Biden FTC Wants to Rewrite Nation’s Employment Laws Print
By Timothy H. Lee
Thursday, January 12 2023
Biden’s Federal Trade Commission (FTC) under hyper-activist Chair Lina Khan just proposed a new regulation prohibiting voluntary noncompete agreements, which the FTC itself acknowledges will affect an astounding 30 million workers.

In recent years, we’ve suffered an intolerable expansion of the federal administrative state, ruled by unelected and unaccountable bureaucrats staffing them.  

Barack Obama illustrated the mentality behind that expansion in 2014, when he claimed authority to impose his agenda via “pen and phone” in disregard of our pesky democratic process:  

I’ve got a pen, and I’ve got a phone.  And I can use that pen to sign executive orders and take executive actions and administrative actions that move the ball forward.  

Our Founding Fathers, however, didn’t create a constitution entitling one all-powerful executive to rule whenever he felt the urge to “move the ball forward.”  Indeed, our Declaration of Independence specifically lists that among the Founders’ grievances against the king:  

He has erected a multitude of New Offices, and sent hither swarms of Officers to harass our people, and eat out their substance…  For suspending our own Legislatures, and declaring themselves invested with power to legislate for us in all cases whatsoever…  

Heedless of those legal and constitutional constraints, the Biden Administration has simply picked up where the Obama Administration left off.  

For example, Biden has attempted to shift the cost of $400 billion in student loans from borrowers who actually agreed to repay them to the backs of taxpayers.  His administration has also illegally attempted to unilaterally rewrite our nation’s immigration laws, prohibit landlords across the nation from evicting tenants who weren’t paying rent, redefine the employer-employee relationship via the National Labor Relations Board (NLRB) and use the abusive Consumer Financial Protection Bureau (CFPB) to use what it calls “dormant authority” to regulate non-banks as if they were banks.  

Fortunately, the judicial branch has shown less and less tolerance for executive branch administrative state abuses.  

That includes a 6-3 Supreme Court decision last year in West Virginia v.

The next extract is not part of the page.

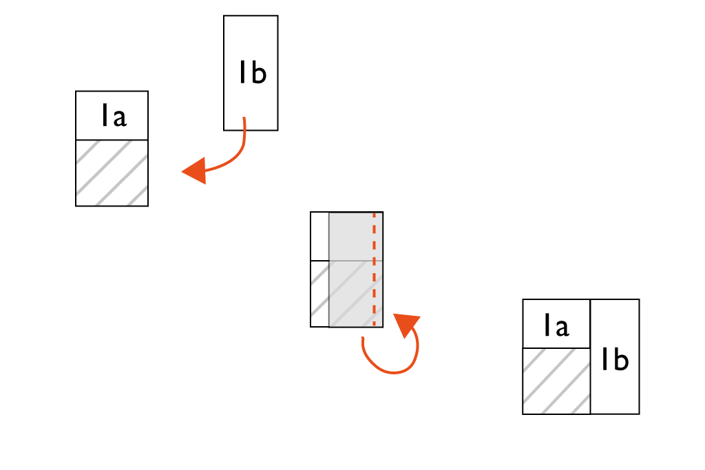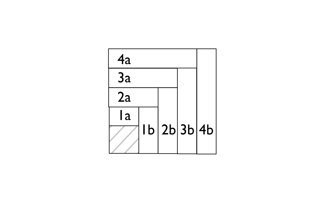Im nächsten Schritt das Rechteck 2 a rechts auf rechts auf die Kante von 1a und 1b legen und absteppen. Aufklappen und bügeln. Dann Rechteck rechts auf rechts auf Kante von 2a und 1b legen. Und wieder steppen, aufklappen und bügeln. Das ganze so lange wiederholen, bis alle geplanten Runden genäht sind.
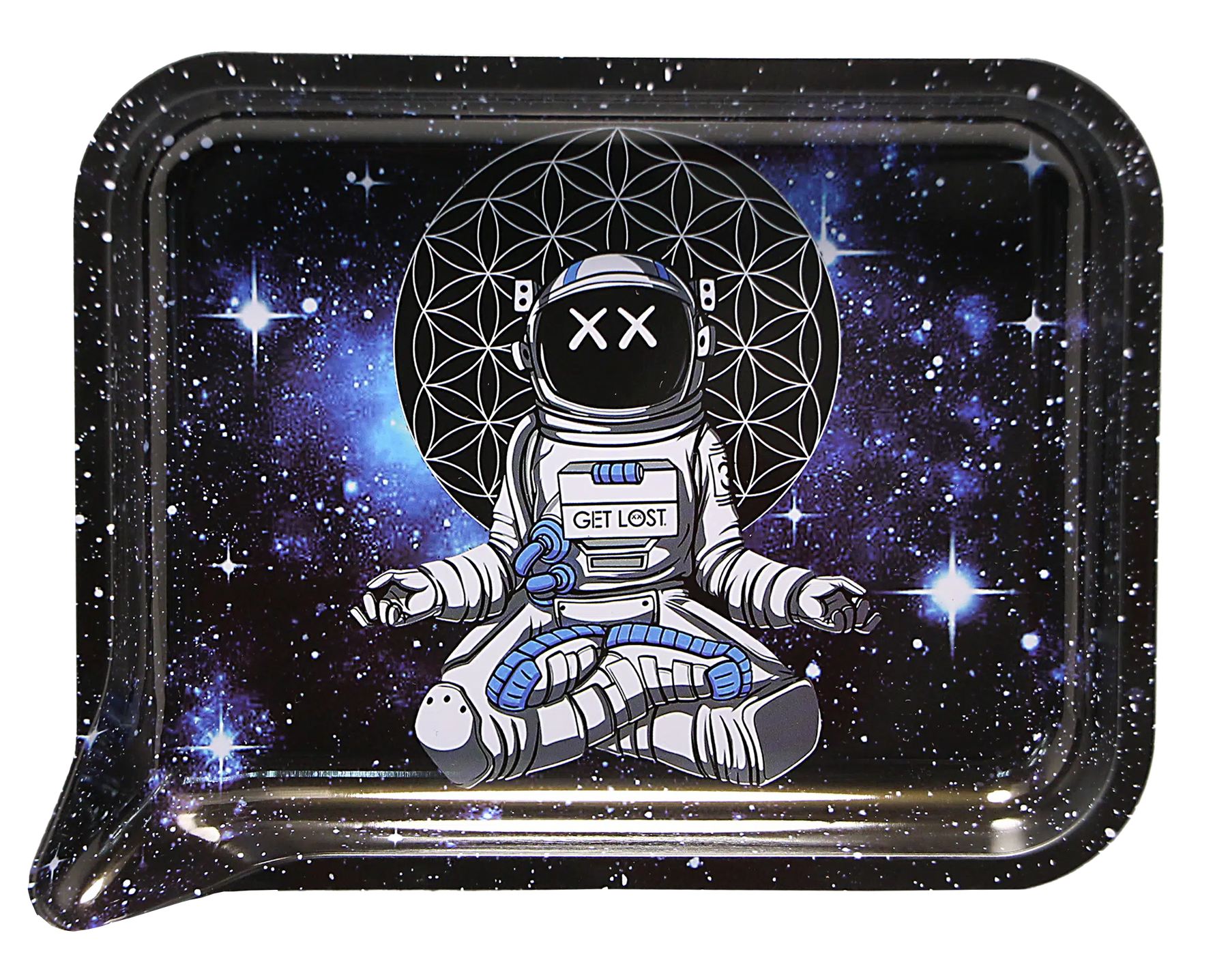 The Get Lost Medium Funnel Rolling Tray - Astronaut Meditating features a secure 3D magnetic lid and built-in funnel edge, designed to combine functionality, durability, and visual appeal. This medium-sized tray offers a practical solution for organizing and handling small materials, with raised edges and a smooth, wipe-clean surface for easy maintenance. Its high-quality construction and compact dimensions make it suitable for home, travel, or retail display.

EPA overturning an Environmental Protection Agency (EPA) regulation attempting a wholesale remaking of our nation’s power grid via “green energy” mandates and subsidies.  Taking direct aim at Obama’s infamous remark, Justice Neil Gorsuch added that, “The Constitution does not authorize agencies to use pen-and-phone regulations as substitutes for laws passed by the people’s representatives.”  

Accordingly, courts increasingly reject administrative agency claims of unilateral authority over issues of “vast economic and political significance” where Congress has not clearly empowered them with that claimed authority.  

Whether out of defiance or obtuseness, however, the Biden Administration refuses to internalize those accumulating correctives.  

In the latest example, Biden’s Federal Trade Commission (FTC) under hyper-activist Chair Lina Khan just proposed a new regulation prohibiting voluntary noncompete agreements, which the FTC itself acknowledges will affect an astounding 30 million workers.  

By any reasonable measure, that qualifies as an issue of “vast economic and political significance” as defined by the Supreme Court.  Not only would the proposed rule supersede the laws of all 50 states that currently govern employment relationships, it would undermine employers’ rightful ability to protect intellectual property – patents, copyrights, trademarks and trade secrets – which largely account for America’s competitive advantage over the rest of the world in an increasingly competitive globalized economy.  

As for noncompete provisions themselves, they’re simply mutual agreements between employers and employees at the beginning of the employment relationship governing the degree to which the employee can compete directly or indirectly with the employer at the end of that relationship.  For example, the agreement can stipulate that for a limited time and a limited geographical area, the departing employee won’t join a direct competitor, start up a competing company offering the same products or services, develop competing products or services or recruit colleagues to leave the employer to join them at a new competitor business.  

It's important to note that noncompete agreements thus serve important functions for businesses and intellectual property, rather than simply being something that simply restricts employee freedom without any legitimate business interest of employers.  Noncompete agreements exist to protect such things as trade secrets, confidential information, client or customer relationships or specialized training.  

It's also important to emphasize that courts at the federal level and across all 50 states already scrutinize noncompete agreements closely, and refuse to enforce them when their provisions are unfair.  So, for instance, courts won’t enforce provisions that don’t center on the employer’s legitimately sensitive business interests, that aren’t reasonable restricted in duration, that extend beyond a reasonable geographic location or are otherwise unfair to the employee.  

The FTC was created with the limited purpose of policing “unfair methods of competition,” and its enforcement is limited to such unfair practices.  The fact that all 50 states choose to regulate noncompete agreements differently shows that they’re not inherently “unfair methods of competition,” and this blanket prohibition proposal is simply another Biden Administration effort to reorder America’s economy and society.  

Hopefully wiser heads at the FTC prevail and walk back this abusive proposal before it suffers defeat in the judicial branch after needless expense and waste of resources.